Old-Fashioned Banana Cream Pie
Panhandle’s Perfect Pie Crust
½ cup very cold butter
1 ½ cups Panhandle Milling All-Purpose Flour
½ tsp. salt
¼ cup very cold vegetable shortening
3 Tbsp ice water
1 Tbsp white balsamic vinegar
1 cup white chocolate chips (for after baking)
Custard Filling
3 cups whole milk
½ cup white sugar
½ cup Panhandle Milling All-Purpose Flour
1⁄4 teaspoon salt
3 egg yolks, slightly beaten
¼ cup butter
1 tsp. vanilla bean paste (or extract)
6 bananas, ripe but not brown
Whipped Cream Cheese Topping
1 small box of cheesecake instant pudding (naturally flavored)
3 cups of cold heavy cream
Directions:
Prepare the Pie Dough
- Dice the butter and return it to the refrigerator while you prepare the flour mixture. Place the flour and salt in the bowl of a mixer fitted with a paddle and pulse a few times to mix. Add the butter and shortening. Mix for 2-3 minutes until the fat is the size of peas.
- With the machine running, slowly pour the ice water and vinegar into the mixer until the dough begins to form a ball.
- Dump out on a floured board and roll into a ball.
- Wrap the ball in plastic wrap and refrigerate for 30 minutes.
- Roll out a well-floured board into a circle, rolling from the center to the edge, turning, and flouring the dough to prevent it from sticking to the board. The circle should be about 12 inches.
- Transfer the rolled-out dough to a 9-inch pie plate and crimp the edges.
Bake The Crust
- Prepare to blind bake the crust. Line the surface of the crust with a 10-inch circular piece of parchment paper. Cover the top of the parchment paper with 2 cups of pie weights or dry beans. Blind bake the crust at 425°F for 22-25 minutes, until it is a deep golden brown.
- When baked, remove it from the oven.
- Remove the blind baking materials and set aside.

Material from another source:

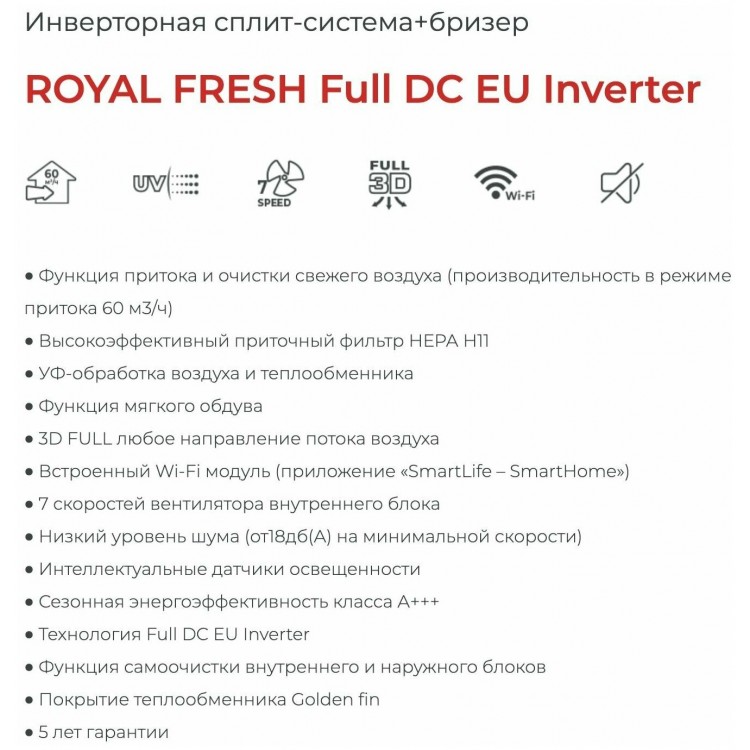 | Линейка | ROYAL FRESH FULL DC EU Inverter |
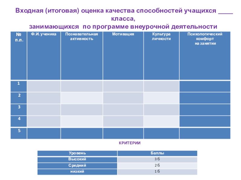 Слайд 36Входная (итоговая) оценка качества способностей учащихся ____ класса,

- Cover the surface of the crust with white chocolate chips. Allow the white chocolate chips to melt and then spread into a thin layer covering the surface of the pie crust. Allow the crust to cool completely.
Make the Custard
- In a saucepan, combine the sugar, flour, and salt; gradually stir in the milk. Over medium heat, stirring constantly, cook until the mixture thickens, about 3 minutes.
- Cover and, stirring occasionally, cook for two minutes longer.
- In a small bowl, have the 3 egg yolks, slightly beaten, ready. Stir a small amount of the hot mixture into the beaten yolks. When thoroughly combined, stir the yolks into the hot mixture. Turn off the heat and remove the pan from the stove. Keep stirring off the heat for an additional minute. Blend in the butter and vanilla until smooth.
- Cover with a lid and let the pudding sit until lukewarm.
Build the Pie
- When ready to pour, slice the bananas and scatter them in the pie shell; then pour the warm mixture over the bananas. Cover the pie with a layer of plastic wrap and place it in the fridge.
- Cool for at least two hours. When ready to serve, prepare the whipped topping.
Make the Whipped Topping
- Combine the pudding mix and heavy cream. Whip until fluffy.
- Top the cooled pie with whipped topping and garnish with banana chips or shaved white chocolate, if desired.
- Keep refrigerated until you are ready to serve the pie.